W tym reprezentatywnym, stale monitorowanym, nienaruszonym zarodku, nienaruszona blastocysta nie zapadła się całkowicie w roztworze równowagi i ponownie rozszerzyła się do około 70% pierwotnej wielkości po 10 minutach ekspozycji na roztwór równoważący. W przeciwieństwie do tego, ta sztucznie zapadnięta blastocysta została całkowicie opróżniona z blastocoelu natychmiast po leczeniu laserowym i nie zaobserwowano znaczącej ponownej ekspansji w ciągu 10 minut ekspozycji na roztwór równoważący. Po potraktowaniu pożywką witryfikacyjną, zawierającą wysokie stężenie krioprotektantów, ta zrównoważona nienaruszona blastocysta uległa stopniowej redukcji blastocoelu.
Po podgrzaniu ponownie się rozszerzył po wystawieniu na działanie pożywki regeneracyjnej. Ta blastocysta impulsowa laserem wykazała jednak natychmiastowe zapadnięcie się blastocoelu po leczeniu laserem, który nie został odzyskany podczas etapów równoważenia lub witryfikacji, co stawia pod znakiem zapytania konieczność tak długiej fazy równowagi dla zapadniętych blastocyst. Protokół daje również wgląd w zdolność blastocyst do regeneracji blastocoelu po ociepleniu.

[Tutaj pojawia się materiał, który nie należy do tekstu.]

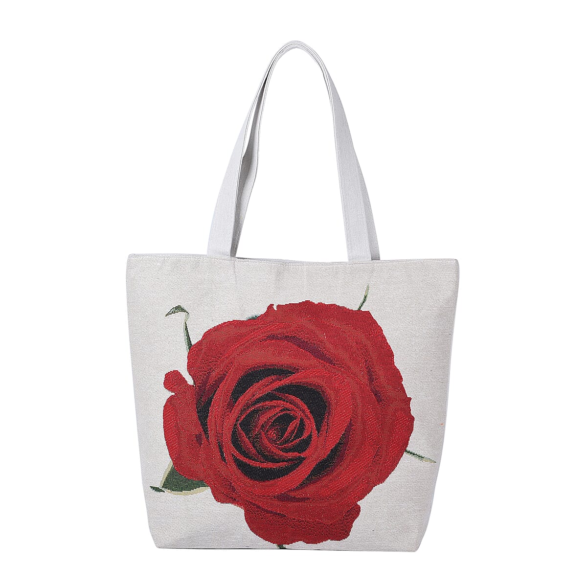 Beige Rose Jacquard Pattern Tote Bag | Women's Jute Tote Bag | Women's Work Tote Hand Bag | Ladies Purse
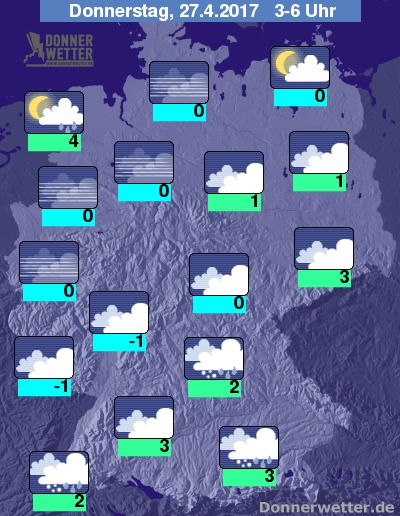 In der folgenden Nacht bringen kompakte Wolken dem Süden weitere Regen-, Schneeregen.- und Schneefälle, dazu kann es stellenweise glatt auf den Straßen werden! Meist sternenklar zeigt sich der Himmel vom Westen bis in den Norden. Nur direkt an der Nordsee sind vereinzelt auch Schauer unterwegs. Im restlichen Bundesgebiet ist es stark bewölkt, jedoch trocken. Die Temperatur sinkt auf 4 Grad in Emden und bis -1 Grad am Westerwald.
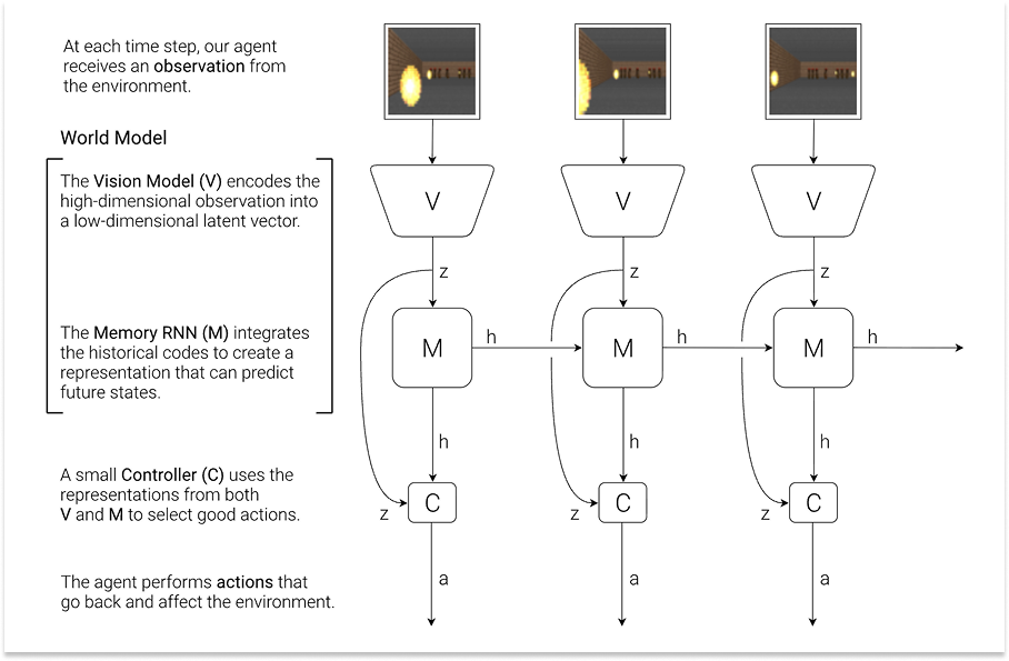 To answer their own question, Ha and Schmidhuber built a fictional system with three components: a vision model (V) that compressed raw pixel observations into a compact representation, a memory model (M), a recurrent neural network that learned to predict what happens next, and a tiny controller (C) that decided what to do based only on V and M’s outputs.
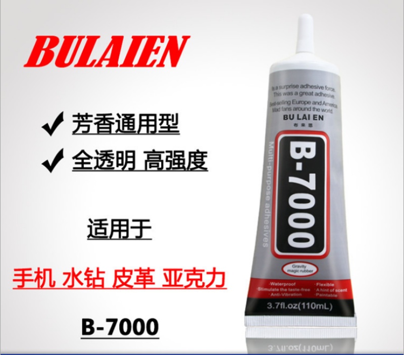 B7000Adhesives can adhere to a wider range of materials, including metals, glass, ceramics, stone, bamboo, wood, fabrics, leather, and more.PEandPPandPVCandABSNylon, sponge, film, fabric, electronic components, plastics, rubber, fibers, paper.Attach the phone frame, LCD screen, middle frame, frame, support, and so on.
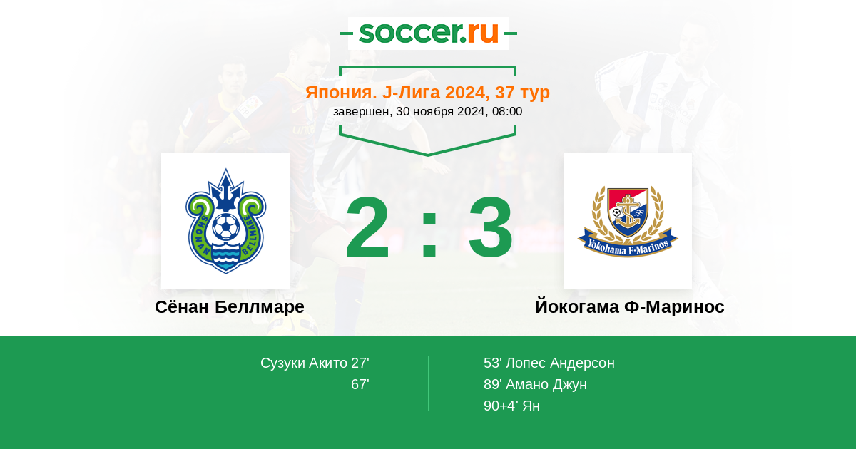 Протокол матча Сёнан Беллмаре против Йокогама Ф-Маринос
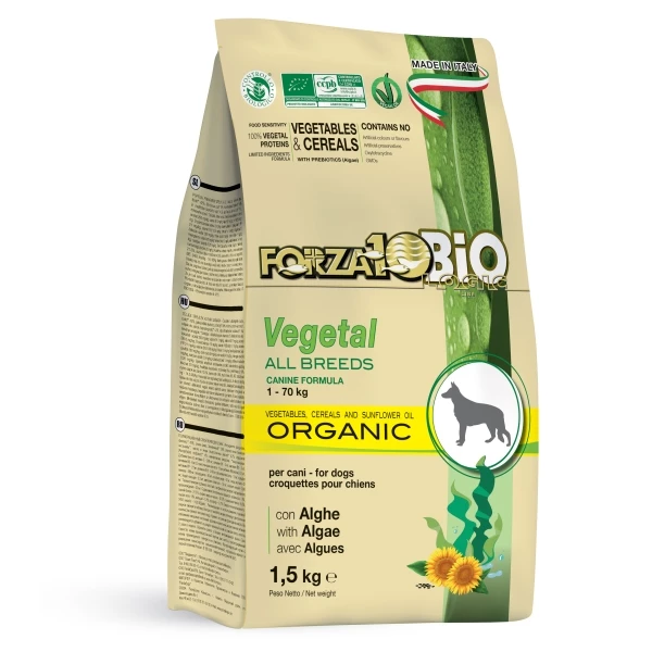 Vegetal Bio con Alghe All Breeds è un alimento completo, interamente vegetale, certificato biologico e formulato secondo gli standard Vegan.

Na przykład ponowna ekspansja blastocoelu po ociepleniu może być liniowa lub może być przerwana kilkoma większymi lub mniejszymi skurczami. Próbując wykonać tę procedurę, należy pamiętać, że zarodki muszą pozostać na dnie szalki Petriego podczas nagrywania, tak krótko, jak to możliwe. Nie zapominaj, że wysokie stężenia krioprotektantów mogą być toksyczne dla zarodków.
Po każdym opracowaniu technika ta torowała drogę naukowcom w dziedzinie kriobiologii do zbadania skuteczności protokołów kriokonserwacji w programie zapłodnienia in vitro.
View the full transcript and gain access to thousands of scientific videos
Ten artykuł przedstawia protokół morfometryczny do monitorowania kurczenia się i ponownego rozszerzania blastocystów podczas interwencji witryfikacyjnych i po odmrożeniu. Protokół jest zaprojektowany do stosowania w laboratoriach zapłodnienia in vitro wyposażonych w mikroskopy time-lapse.